Este último martes Teatro del Viento cumplió 21 años. A finales del calendario pasado remarcaron en una jornada las dos décadas que habían celebrado durante todo 2019. Todavía no es tarde para saludar, desde esta columna, una u otra fecha, sobre todo, porque esta agrupación es tenaz y no se detiene en éxitos o aniversarios.
Su nombre permanece asociado, de modo insoslayable, al de su líder, Freddys Núñez Estenoz. Desde el primer momento, en la despedida de los 90 del siglo pasado en Camagüey, tuve la suerte de sentarme al pie de los distintos escenarios donde Freddys se hacía director por sí mismo. Sin previa formación, convirtió los tablados en mucho más que zonas de experimentación, en verdaderos campos de batalla.
Ese origen y la entrega febril a su pasión le facilitaron formar actrices y actores, o terminar de moldearlos. Y con ellos armó un real colectivo que se traduce en disciplina y disposición intachables, así como en visualizar almas y cuerpos vivos en acción a través de un estilo, sobre el cual hemos discutido mucho.

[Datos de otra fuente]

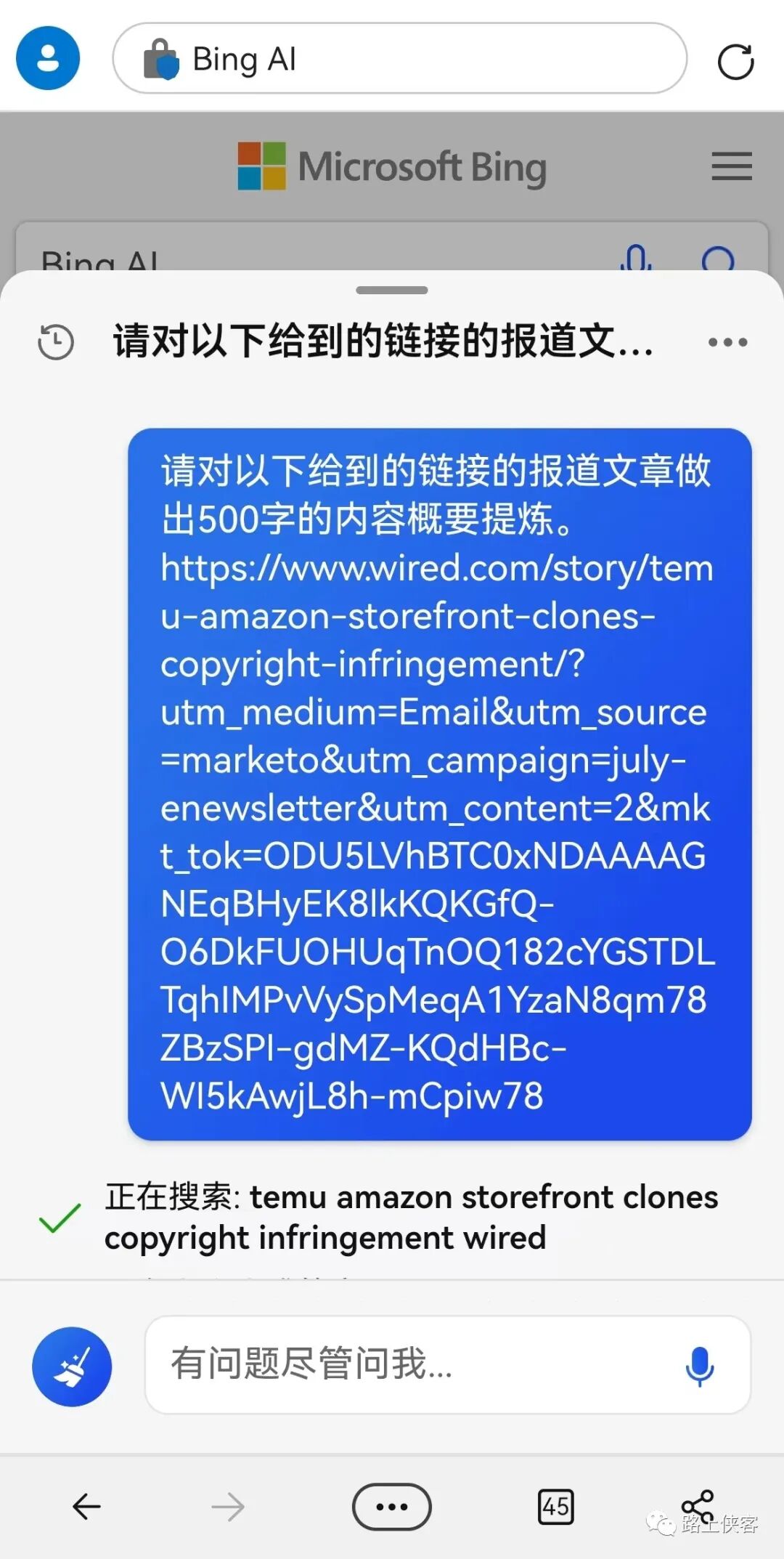 我们用AI来更深了解下这个事件。我们首先使用Bing AI来对这篇报道做一个提炼分析。我们把这边报道的链接附上加上Prompt语句,让它进行文字内容提炼。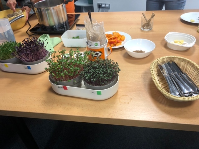 Druhý kurz pořádala společnost Plastia s.r.o., která má vedle svého výrobního programu mnoho dalších zajímavých počinů od vermikompostéru, který svým designem vůbec vermikompostér nepřipomíná a jeho autorem je známý architekt Jiří Pelcl, po krmítka a pítka pro ptáčky, misky na microgreens, samozavlažovací květináče atd. Kurz se věnoval fermentování obilovin, třeba pohanky a její další zpracování a prospěch pro náš střevní mikrobiom, dále využití microgreens a klíčků třeba na dochucení fermentováním zpracované quinoi. Dozvěděli jsme se spoustu užitečných rad o tom, jak jsou důležité udržovat střeva ve zdraví a že když se naučíme zpracovávat suroviny tak, aby náš střevní mikrobiom byl v pohodě, budeme šťastnější a zdravější☺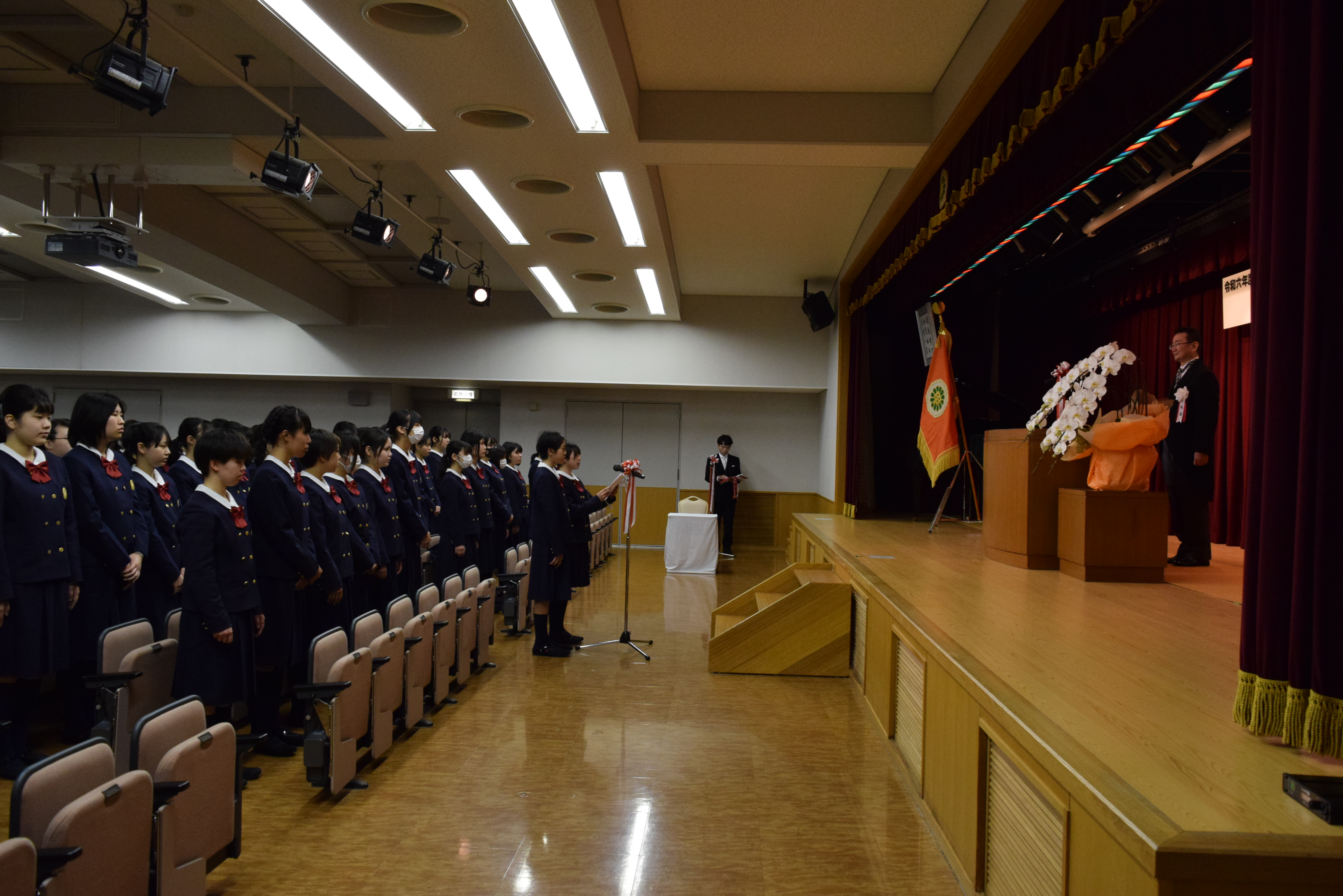 心配されていた天候にも恵まれ、新しい制服に身を包んだ新入生は、緊張した面持ちで保護者とともに登校し、期待と不安を胸に式に臨みました。

Desde mi visión de espectador crítico, apreciaba, en ocasiones, excesiva formalización y cierta saturación del signo que alteraba la eficacia buscada en la comunicación. Pero, de igual modo, estimaba sus objetivos, su limpieza y orfebrería en la construcción escénica, más el poderío actoral, valga la paradoja.
Un espectáculo icónico de esa primera etapa, en el cual temática y estilización se articulaban con solidez y total coherencia, fue Aceite + vinagre = familia, del propio Núñez como autor, más de una década atrás. Y otro que rompe esa línea y transforma la tipología del acto teatro, para el grupo y sus espectadores, es Los Caballeros de la Mesa Redonda (2016), original del alemán Christoph Hein; aire fresco de realidad que entró por el portón del teatro y se expresó con una nueva libertad en los actores y su intercambio con el público.
Entre esas puestas y luego, muchas más, ejercitaciones algunas en función de objetivos internos, pruebas y procesos en otras que anuncian
modificaciones, fijan un derrotero difícil de abarcar por su intensidad. De ello, y de la raigal pertenencia de sus actores, ofrecen registro documental Teatro vivo (2017), de la realizadora avileña María de Jesús Peruyera, y Tocando el Viento, del agramontino Keiter Castillo (2019). Otro indicador del señorío ganado por Teatro del Viento, en particular en la mitad del país, de Ciego de Ávila para allá, resulta su participación en eventos y temporadas, asesorías de otras agrupaciones, montajes a cargo de Freddys como director invitado, implicación en la academia local, coordinación del Festival de Camagüey y, por supuesto, el nodo en la sala Tassende, multiplicado en centro cultural desde que asumieron dicha sede.
Solo entre 2018 y 2019 tuvieron en repertorio y estrenos, además de espectáculos anteriores, estos que he visto en vivo o filmados: Working sin Progress, Otoño, Heaven-Sola-Cubitas, No tengo saldo, Un hombre en el horizonte… Toda su obra es el habitual y mejor testimonio de existencia y de vida de un grupo esencial en el panorama teatral cubano de los 2000, incansable como el viento.